A Subdued Trump Is Embraced At Evangelical Conference

After being booed by evangelicals during an event last year, Trump moderated his tone and avoided any rhetorical missteps in a teleprompter-aided stump speech.

WASHINGTON — Speaking mostly from a teleprompter, Donald Trump charmed a conference full of evangelical activists on Friday after a tumultuous week for his campaign.

Trump spoke to the Faith and Freedom Coalition's Road to Majority Conference at D.C.'s Omni Shoreham Hotel on Friday, taking the stage 45 minutes behind schedule. Trump focused mostly on Hillary Clinton and gave the kind of controlled, measured performance Republicans have been hoping he would deliver after a disastrous week dominated by Trump's racist attacks on a judge.

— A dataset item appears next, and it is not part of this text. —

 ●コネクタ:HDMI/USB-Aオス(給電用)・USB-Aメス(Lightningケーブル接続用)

FFC head Ralph Reed introduced Trump as someone who has "become a good friend," and had earlier in the morning given a speech urging evangelicals to back Trump while obliquely acknowledging his flaws.

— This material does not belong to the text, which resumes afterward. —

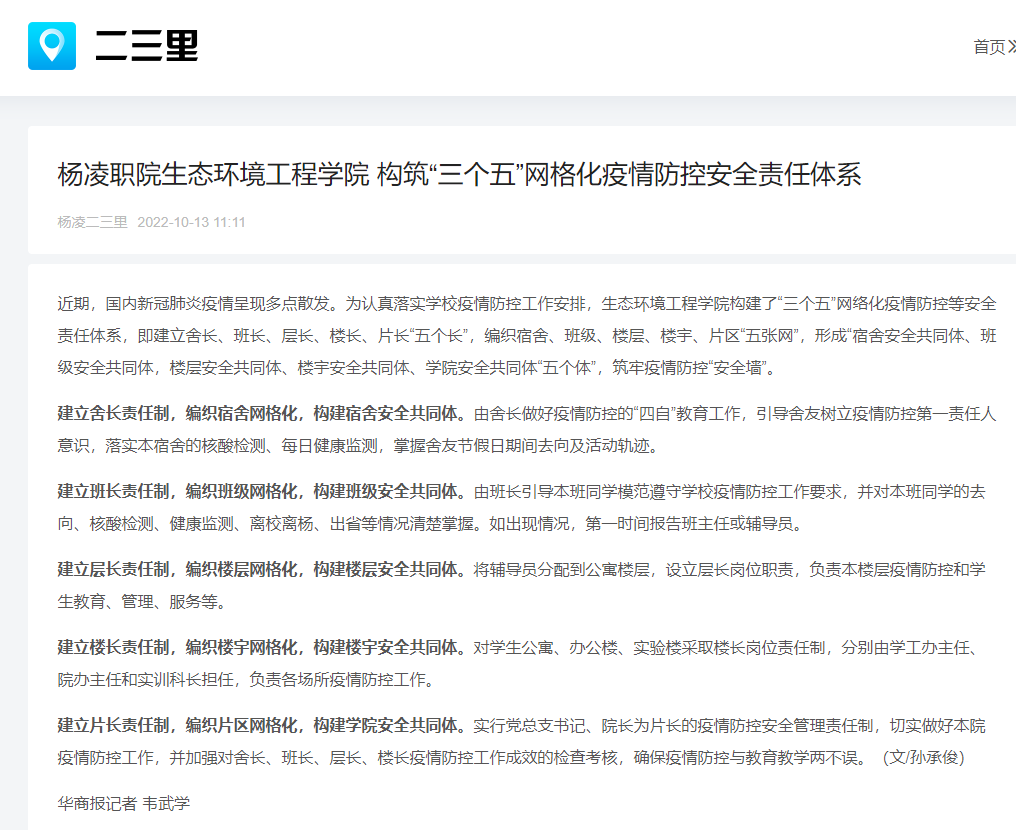 【二三里】杨凌职院生态环境工程学院 构筑“三个五”网格化疫情防控安全责任体系

"Unlike a lot of our friends on the other side, we're not looking for a political messiah, because we already have a messiah," Reed said. "Perfection is not the measure that should be applied," Reed said, not to any political leader or person.

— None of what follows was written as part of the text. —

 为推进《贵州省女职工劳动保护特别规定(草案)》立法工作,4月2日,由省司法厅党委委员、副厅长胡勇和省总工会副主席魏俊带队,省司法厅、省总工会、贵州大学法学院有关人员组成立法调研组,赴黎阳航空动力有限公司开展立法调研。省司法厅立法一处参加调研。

Evangelicals were "called to put away our ‘my way or the highway’ pride," Reed said. "Different persons have different modes of excellence."

Trump finally arrived after a long interlude in which Reed had to improvise while Trump headed toward the venue, and gave a relatively short, controlled speech that stood out only for its similarity to any other politician's standard stump speech.

Trump alternated between reading off the teleprompter and appearing to ad-lib every few lines (dropping in "believe me" and other catchphrases), his tone and demeanor markedly different in either mode.

Trump did not mention Gonzalo Curiel, the judge in the Trump University case whom Trump has repeatedly attacked because of his Mexican heritage; the attacks have caused turmoil in the Republican Party and Republican leaders have publicly and privately begged him to stop. He didn't mention Elizabeth Warren, who endorsed Hillary Clinton yesterday and whom Trump has been referring to as "Pocahontas" on Twitter. And when protesters interrupted his speech, Trump stayed cool, merely remarking, "Very rude." Trump gave a standard anti–Hillary Clinton speech with a few nods to his evangelical audience, vowing, "We will respect and defend Christian Americans. Christian Americans."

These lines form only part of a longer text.